* **Required action**:
The full listing is to be transcribed exactly, with each picture left out.

* **Collected material**:
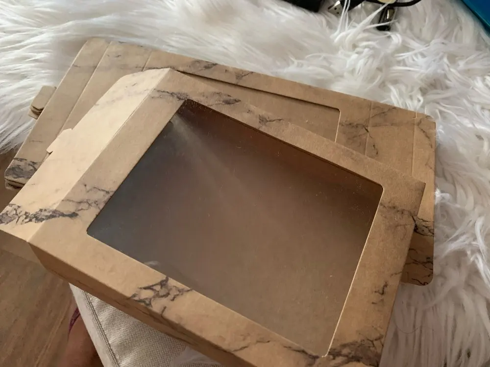 10 шт. большая бумажная коробка с окном DIY крафт-дизайн marbling спасибо Цветочный Стиль Подарочная коробка торт домашние вечерние свадебные упаковки
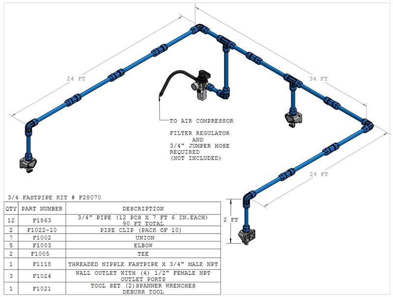 If you require a large system, it’s best to purchase individual parts rather than starting with a master kit and adding on. If you do not have a compressor jumper hose or filter regulator, for example, you can purchase those accessories right from our site. They are great additions to finish your system.
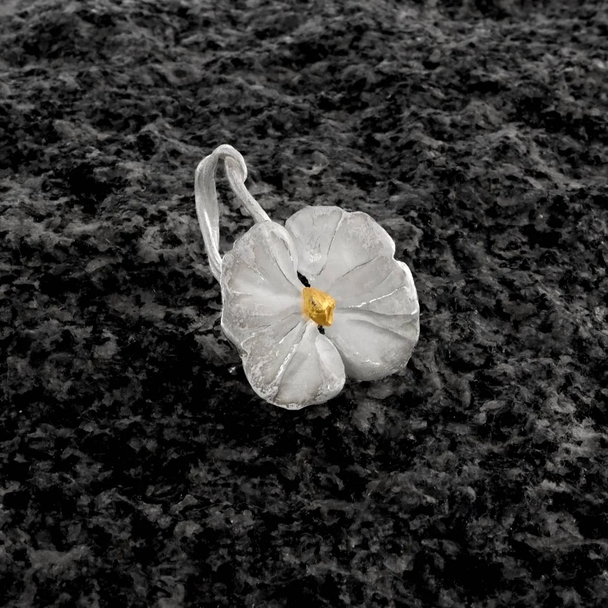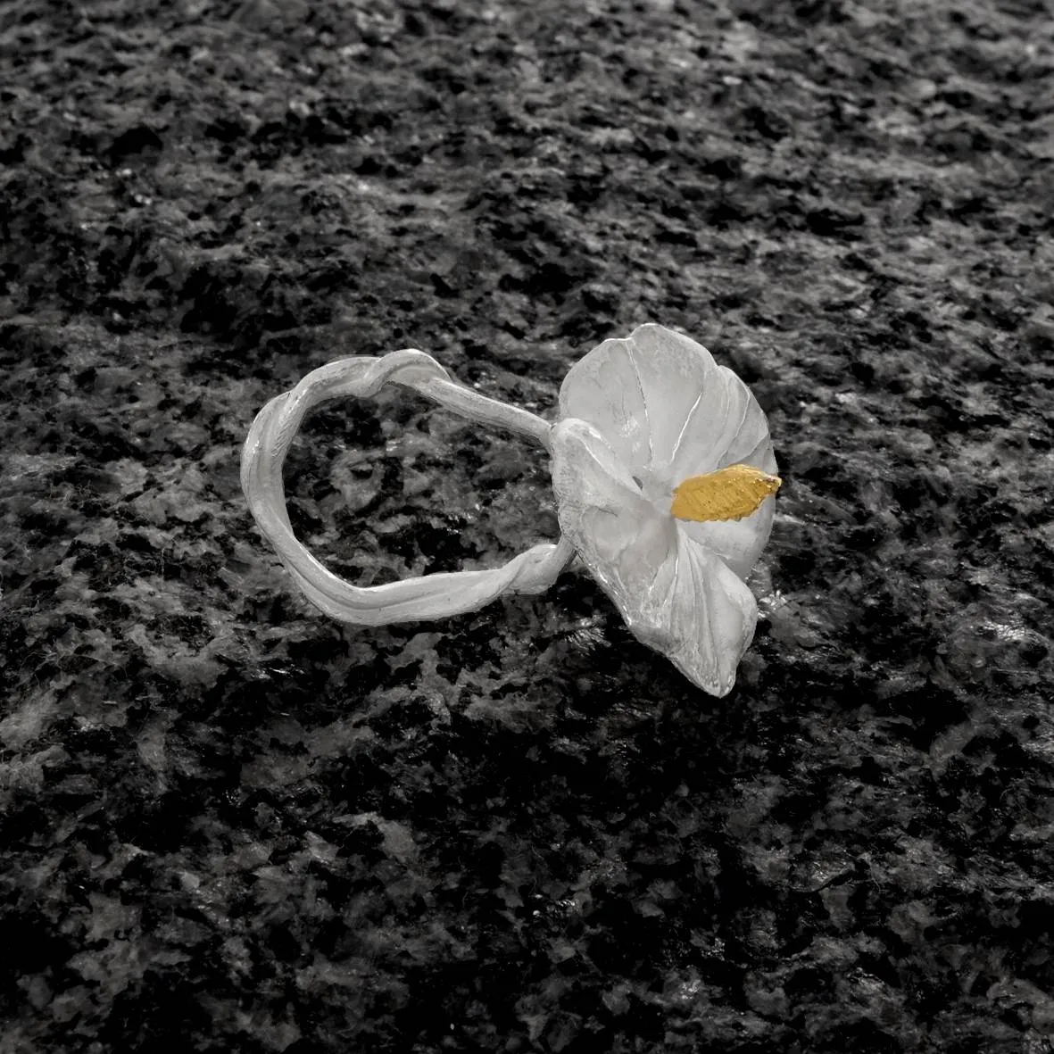 Der Ring wird als „Zwischenfingerring“ getragen – Die Blüte kommt zwischen zwei Fingern zu Ruhe.

* **Result**:
 10 шт. большая бумажная коробка с окном DIY крафт-дизайн marbling спасибо Цветочный Стиль Подарочная коробка торт домашние вечерние свадебные упаковки
 If you require a large system, it’s best to purchase individual parts rather than starting with a master kit and adding on. If you do not have a compressor jumper hose or filter regulator, for example, you can purchase those accessories right from our site. They are great additions to finish your system.
 Der Ring wird als „Zwischenfingerring“ getragen – Die Blüte kommt zwischen zwei Fingern zu Ruhe.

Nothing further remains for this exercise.